Reputation: 1158
I'm playing with the functional pearl by Hutton and Meijer (https://www.cs.nott.ac.uk/~gmh/pearl.pdf). With the primitive functions defined in it, I've made a very basic csv parser:
csvFile :: Parser [[String]]
csvFile = record `sepBy` char '\n'
record :: Parser [String]
record = (quotedField +++ unquotedField) `sepBy` char ';'
unquotedField :: Parser String
unquotedField = many (sat (not . (`elem` ";\n")))
quotedField :: Parser String
quotedField = do
char '"'
xs <- many (sat (not . (== '"')))
char '"'
ys <- do { zs <- quotedField; return ('"':zs) } +++ return []
return (xs++ys)
I was trying to get a sense of what was really evaluated when I call this parser. So in GHCI:
*Main> let tst = "123;123;123\n123;\"123;123\";124\n124;122;125"
*Main> let psd = parse csvFile tst
*Main> let x = head . fst . head $ psd
*Main> x
["123","123","123"]
*Main> :p psd
psd = [(["123","123","123"] : (_t5::[[String]]),[])]
So I see that the next parsing step is still a thunk (_t5). However the input stream is now: [] -so it seems to have been consumed entirely.
Where did it go? What shall I deduce from this? I'm wondering if my parser is lazy at all...
Edit: self-contained code as requested:
import Control.Monad
import Data.Char
newtype Parser a = Parser (String -> [(a, String)])
parse :: (Parser a) -> (String -> [(a, String)])
parse (Parser p) = p
instance Monad Parser where
return a = Parser (\cs -> [(a, cs)])
p >>= f = Parser (\cs -> concat [parse (f a) cs' | (a, cs') <- parse p cs])
instance MonadPlus Parser where
mzero = Parser(\cs -> [])
mplus p q = Parser (\cs -> (parse p cs) ++ (parse q cs))
(+++) :: Parser a -> Parser a -> Parser a
p +++ q = Parser (\cs -> case (parse (p `mplus` q) cs) of
[] -> []
(x:xs) -> [x])
item :: Parser Char
item = Parser (\cs -> case cs of
(c:nc) -> [(c, nc)]
_ -> [])
sat :: (Char -> Bool) -> Parser Char
sat f = do { c <- item ; if f c then return c else mzero }
char :: Char -> Parser Char
char c = sat (c ==)
many :: Parser a -> Parser [a]
many p = many1 p +++ (return [])
many1 :: Parser a -> Parser [a]
many1 p = do {t <- p; ts <- many p; return (t:ts) }
sepBy :: Parser a -> Parser b -> Parser [a]
p `sepBy` sep = sepBy1 p sep +++ do {x <- p; return [x]}
sepBy1 :: Parser a -> Parser b -> Parser [a]
p `sepBy1` sep = do { x <- p; sep; xs <- p `sepBy` sep; return (x:xs)}
csvFile :: Parser [[String]]
csvFile = record `sepBy` char '\n'
record :: Parser [String]
record = (quotedField +++ unquotedField) `sepBy` char ';'
unquotedField :: Parser String
unquotedField = many (sat (not . (`elem` ";\n")))
quotedField :: Parser String
quotedField = do
char '"'
xs <- many (sat (not . (== '"')))
char '"'
ys <- do { zs <- quotedField; return ('"':zs) } +++ return []
return (xs++ys)
Upvotes: 4
Views: 190
Reputation: 17786
The problem may lie in your definition of "+++", which throws away all but the first parse.
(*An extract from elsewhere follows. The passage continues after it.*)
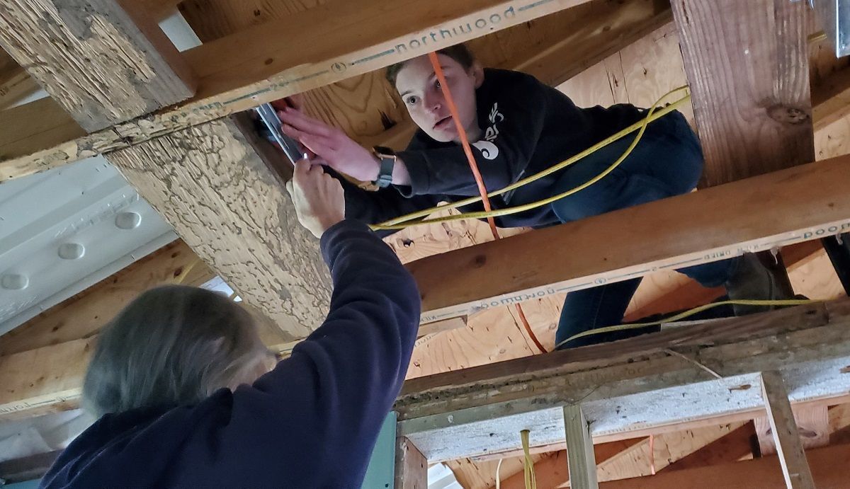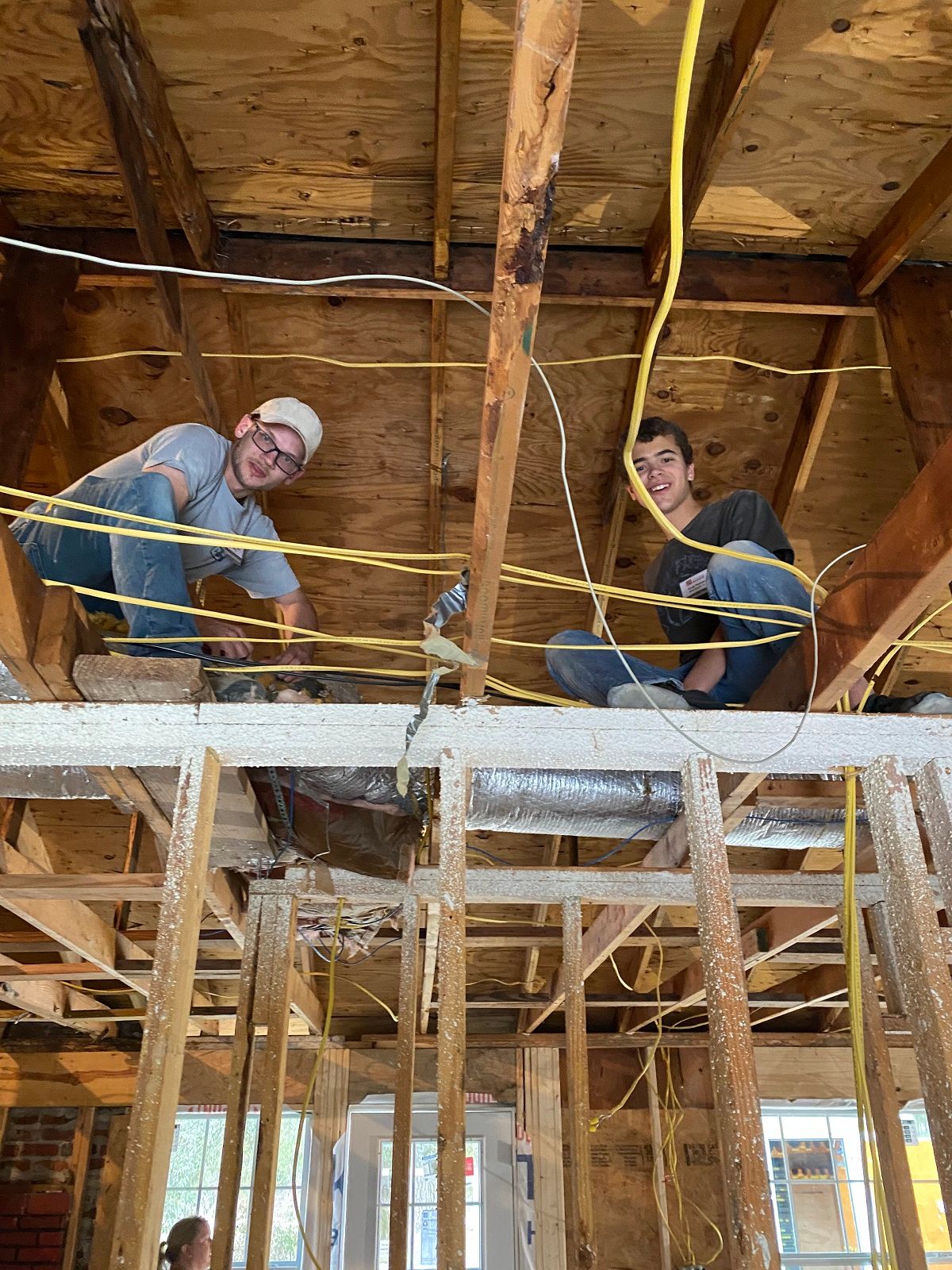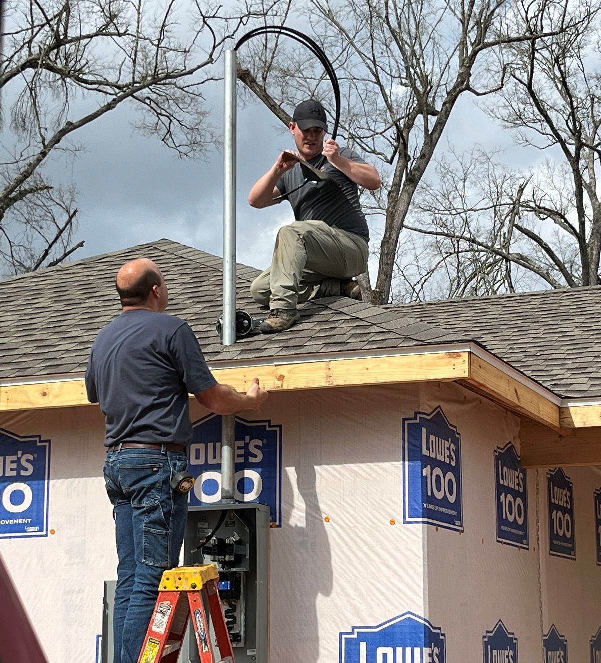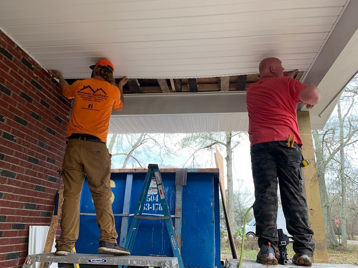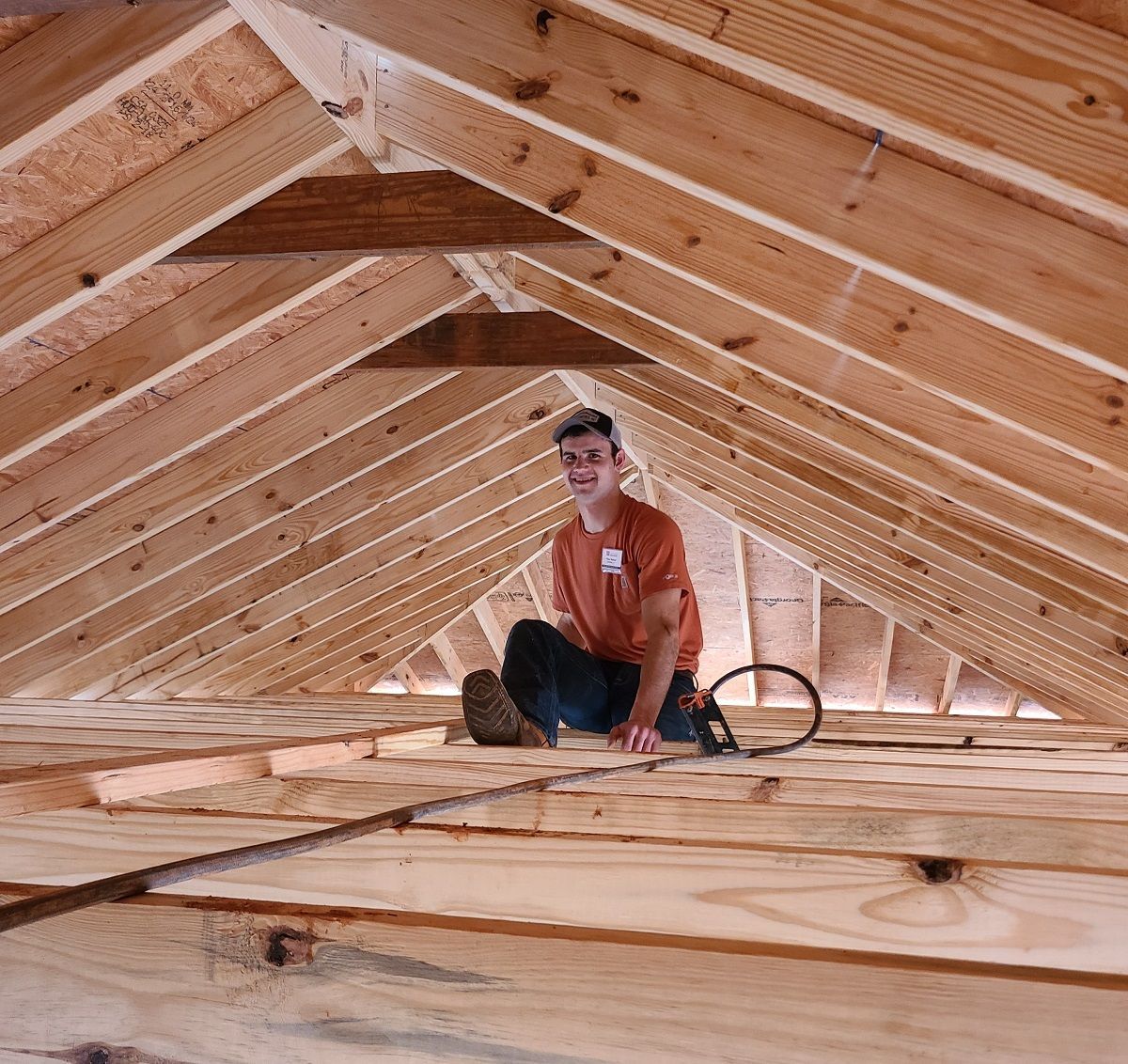 Repairing holes in Vanessa’s roof caused by a tree falling on it

The "case" statement is strict; it forces the parse to find the first full parse of p +++ q, and if you do some more tracing you may find out that this has to scan to the end of the text in order to determine what a valid parse is. "sepBy" and "many" are likely to have this problem as they use "+++" to allow an empty parse.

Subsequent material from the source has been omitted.